Таким образом, человек с нарписсической фиксацией постоянно живет в поле высоких ожиданий, связанных с достижениями, но абсолютно не уважает свой внутренний мир, редко обращается к себе как к достойному собеседнику для того чтобы принять решение. Это невнимание и неуважение к зоне своего внутреннего Я естественно проецируется и на других. О таких людях нередко говорят: "Он занят только собой и никем не интересуется". Это люди, которые прекрасно контактируют, обладая социальными навыками, эффективно простраивают свою деятельность, но, достигая результатов, не могут ими пользоваться. Как выглядит в повседневной жизни этот человек? Ну, например, он успешно продвигается в каком-то определенном профессиональном поле, после чего он это поле деятельности оставляет и начинает пробовать свои возможности в чем-то другом. Например, был директором ресторана, был в совете директоров крупного бизнес-центра, изучил несколько языков, но ничем этим по большому счету не пользуется и не интересуется. У него доминирует постоянная потребность в достижениях для подтверждении своей ценности, которая хронически фрустрирована. Он убеждается, что вообще-то может делать то или это, а дальше интерес пропадает. Контакт ему не очень интересен, а погружение в мир переживаний другого человека часто вызывает сильное напряжение и раздражение. Можно обозначить это как "верхушечные ценности": ему важно определить, что знает и умеет этот другой, насколько он ценен и можно ли рассказать о себе что-либо подобное, возможно ли с ним конкурировать.

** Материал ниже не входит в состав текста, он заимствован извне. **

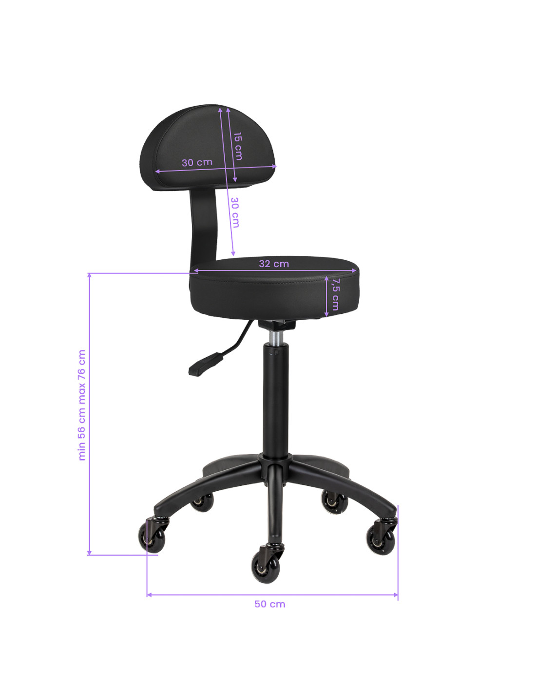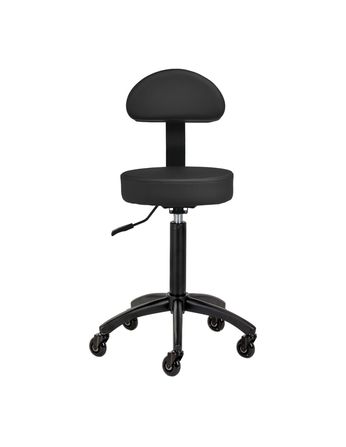 The seat height adjustment ranges from 56 to 76 cm, allowing for a customised position to the individual needs of the professional while performing services. The backrest supports the spine, ensuring comfort even during prolonged work. The full rotation mechanism increases freedom of movement, resulting in greater comfort and efficiency. Mobility is ensured by Roll Speed wheels with an iron core and polyurethane (PU) coating, which combine smooth movement with exceptional wear resistance. The use of ABEC-7 bearings makes the stool easy to move, significantly facilitates manoeuvring.
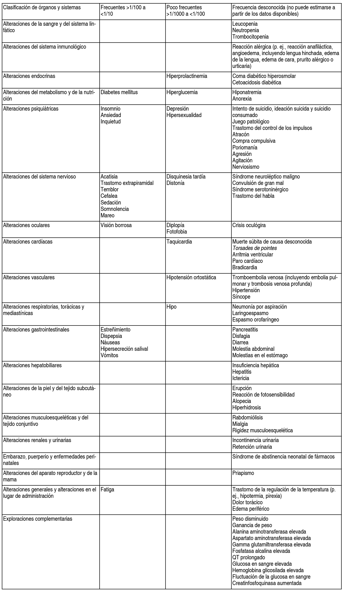 Efectos Colaterales: A continuación, se puede apreciar un cuadro con las reacciones adversas clasificadas en orden de frecuencia MedDRA y por clase de sistema de órganos. Se usaron los siguientes grupos de frecuencia: muy frecuentes (1/10), frecuentes (1/100 a <1/10), poco frecuentes (1/1000 a <1/100), raras (1/10 000 a <1/1000), muy raras (<1/10 000), frecuencia desconocida (no puede ser estimado a partir de los datos disponibles).

Когда нарциссов описывают в разных источниках, их описывают по-разному. Иногда как людей холодных, жестких, склонных к самолюбованию, стремящихся к власти и манипулированию, неприятных в общении, а иногда как разочарованных и очень несчастных, неуверенных в себе и растерянных перед контактом, страстно желающих близости и неспособных ее установить. Можно смотреть на нарциссические проявления как на вину — это будет бытовой взгляд. Можно смотреть на них как на серьезную проблему — это будет взгляд психотерапевта и человека. Главная заповедь терапии — не наказывать клиента за то, что он клиент.

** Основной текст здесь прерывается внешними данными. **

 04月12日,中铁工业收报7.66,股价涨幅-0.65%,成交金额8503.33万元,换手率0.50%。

Если мы обратимся к знаменитой "кривой контакта", то условный клиент, описываемый здесь, останавливается в верхней точке, используя эготическую реакцию. Он сохраняет контроль и не способен продвинуться дальше в своей потребности, отпустить границу и что-то наконец получить. Кроме того, специфика эготизма еще и в изоляции от "id", в нечувствительности к собственным потребностям и фигурам процесса. Изидор Фром писал, что "нарциссический характер с помощью языка гештальт-терапии может быть описан как кто-либо, представляющий для здоровой конфлюенции опасность, которая с наибольшей вероятностью возникает на тех стадиях контакта и возврата, которые мы называем "финальный контакт"" (И.Фром, 1995, с.14). Терапевтическая работа, однако, сконцентрирована отнюдь не на попытках "пробиться" в верхней точке кривой контакта. Основные усилия терапевта сосредоточены на работе в фазе преконтакта и состоят в восстановлении обращения клиента к своей внутренней зоне и в оживлении у него чувствительности к отчужденным фигурам интереса и телесного опыта.

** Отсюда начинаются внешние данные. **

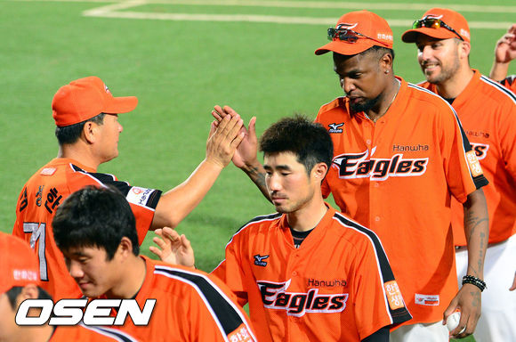 경기종료 후 승리투수가 된 한화 바티스타가 김성한과 하이파이브를 하고 있다. / soul1014@osen.co.kr
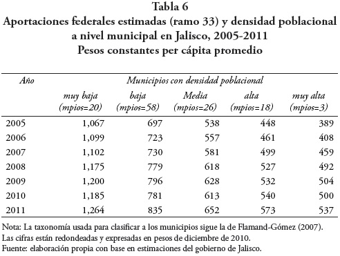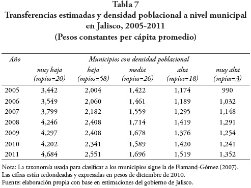 La tabla 7 muestra las tendencias agregadas en la planeación gubernamental hacia los municipios de Jalisco. Sin sorpresa, la tabla confirma que las participaciones estimadas crecen en términos reales entre 2005 y 2011. Asimismo, sugiere que las transferencias alcanzan un nivel máximo en 2008. En este contexto, cabe mencionar que en la tabla se muestra que el total de transferencias estimadas está inversamente relacionado con el grado de desarrollo de los municipios. Este hecho es interesante porque indica que, en el agregado, predomina un criterio redistributivo progresivo. Incluso, en 2011, el promedio de transferencias per cápita para los municipios de muy baja densidad resulta 3.46 veces mayor al de aquéllos de muy alta densidad (4684/1352=3.46).

Мощным сензитивным периодом для формирования и фиксации нарциссических нарушений является подростковый возраст. Это возраст здорового нарциссизма, когда все мы встречаемся с экзистенциальным вызовом, обращенным к ценности внутреннего Я. Основной слом у нарцисса происходят именно в этой зоне — в переживании ценности своего Я. Такой человек с большим стыдом относится к себе реальному, он слит со своим грандиозным образом и идентифицирован с базовым изъяном. А реальная феноменология существования все время ускользает. И это то, что очень характерно для переживаний подростка.

Нередко родители переживают взросление ребенка как "утрату". Или они жалуются на то, что у них в семье подросток, как будто это диагноз. Некоторые просто говорят: "Верните нам нашего ребенка!" или "сделайте что-нибудь, чтобы он вырос и с ним наконец можно было бы иметь дело, пусть ведет себя как взрослый". Действительные переживания реального подростка отходят при этом на второй план .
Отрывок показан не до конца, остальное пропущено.